Légitime défense = permis de tuer ?

L’article 122-5 du Code pénal encadre le recours à la légitime défense.

Ainsi, toute personne en situation de danger envers elle-même ou une autre personne par une atteinte injustifiée peut accomplir un acte commandé par la nécessité de se défendre. Il en résulte que la légitime défense doit remplir deux conditions :

 

  • La défense doit être nécessaire, seule solution pour éviter le danger ;
  • L’acte de défense doit être proportionnel à la gravité de l’atteinte ;

 

Le danger subi par une personne peut être tant physique que moral et résulter d’une agression qui ne peut être seulement supposée ou hypothétique. Il faut que la personne qui invoque la légitime défense pour justifier son geste ait pu raisonnablement croire en l’existence d’un danger. C’est justement sur la proportionnalité de l’acte de défense par rapport à la gravité de l’acte d’agression que les magistrats de la Cour de cassation ont eu à discuter.

 

Légitime défense : la proportionnalité de la riposte

En l’espèce, à la suite d’un accrochage banal sur le périphérique parisien, deux hommes ont eu une  violente bagarre qui s’est soldée par la tétraplégie de l’assaillant. Plus précisément, à la suite de l’accident de la circulation et au regard du comportement menaçant du second conducteur, le premier avait fui et s’était réfugié dans un chantier. Le second conducteur l’avait alors poursuivi en voiture et s’était mis en travers de la route pour lui barrer le chemin et l’empêcher de repartir.
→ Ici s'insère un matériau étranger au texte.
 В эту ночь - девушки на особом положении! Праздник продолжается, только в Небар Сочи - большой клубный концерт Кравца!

Une série de coups avaient été échangés, principalement donnés par le conducteur agressif. L’automobiliste terrifié avait tenté de parer les coups, et dans ces conditions avait lancé sa main en avant vers l’automobiliste qui avait alors chuté au sol après que sa tête eut heurté le capot de la voiture. A la suite de cette chute, le conducteur agressif était devenu tétraplégique.
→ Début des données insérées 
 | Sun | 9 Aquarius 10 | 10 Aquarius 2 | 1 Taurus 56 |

La Cour de cassation amenée à trancher la question de savoir si la légitime défense pouvait constituer un fait justificatif, a retenu que le conducteur agressé injustement avait été contraint de se défendre et de riposter. La Cour constatait qu’il n’existait pas de disproportion entre l’agression et le moyen de défense employé.

Ainsi, la proportionnalité de l’acte de défense à l’agression subie a ici permis de retenir la légitime défense. Le fait que la personne à l’origine de l’acte de défense n’ait aucun dommage et que celui qui ait reçu les coups soit devenu tétraplégique, est indifférent à la caractérisation de la légitime défense. Cette décision a le mérite de préciser un peu plus le régime de la légitime défense, mécanisme pénal extrêmement difficile à caractériser et source de nombreux débats publics.

 

Pour aller plus loin dans le thème de l’arrêt, il semblait opportun d’exposer brièvement les modifications récentes apportées au régime de de l’usage et du port d’armes par les forces de l’ordre.

 

Forces de l’ordre et légitime défense

 

La loi n°2017-258 du 28 février 2017 a créé un article L435-1 au sein du Code de la sécurité intérieure. Cette disposition prévoit les hypothèses où l’usage des armes par les forces de l’ordre en cas d’absolue nécessité et de manière strictement proportionnée est autorisé :

 

1° Lorsque des atteintes à la vie ou à l’intégrité physique sont portées contre eux ou contre autrui ou lorsque des personnes armées menacent leur vie ou leur intégrité physique ou celles d’autrui ;

 

2° Lorsque, après deux sommations faites à haute voix, ils ne peuvent défendre autrement les lieux qu’ils occupent ou les personnes qui leur sont confiées ;

 

3° Lorsque, immédiatement après deux sommations adressées à haute voix, ils ne peuvent contraindre à s’arrêter, autrement que par l’usage des armes, des personnes qui cherchent à échapper à leur garde ou à leurs investigations et qui sont susceptibles de perpétrer, dans leur fuite, des atteintes à leur vie ou à leur intégrité physique ou à celles d’autrui ;

 

4° Lorsqu’ils ne peuvent immobiliser, autrement que par l’usage des armes, des véhicules, embarcations ou autres moyens de transport, dont les conducteurs n’obtempèrent pas à l’ordre d’arrêt et dont les occupants sont susceptibles de perpétrer, dans leur fuite, des atteintes à leur vie ou à leur intégrité physique ou à celles d’autrui ;

 

5° Dans le but exclusif d’empêcher la réitération, dans un temps rapproché, d’un ou de plusieurs meurtres ou tentatives de meurtre venant d’être commis, lorsqu’ils ont des raisons réelles et objectives d’estimer que cette réitération est probable au regard des informations dont ils disposent au moment où ils font usage de leurs armes.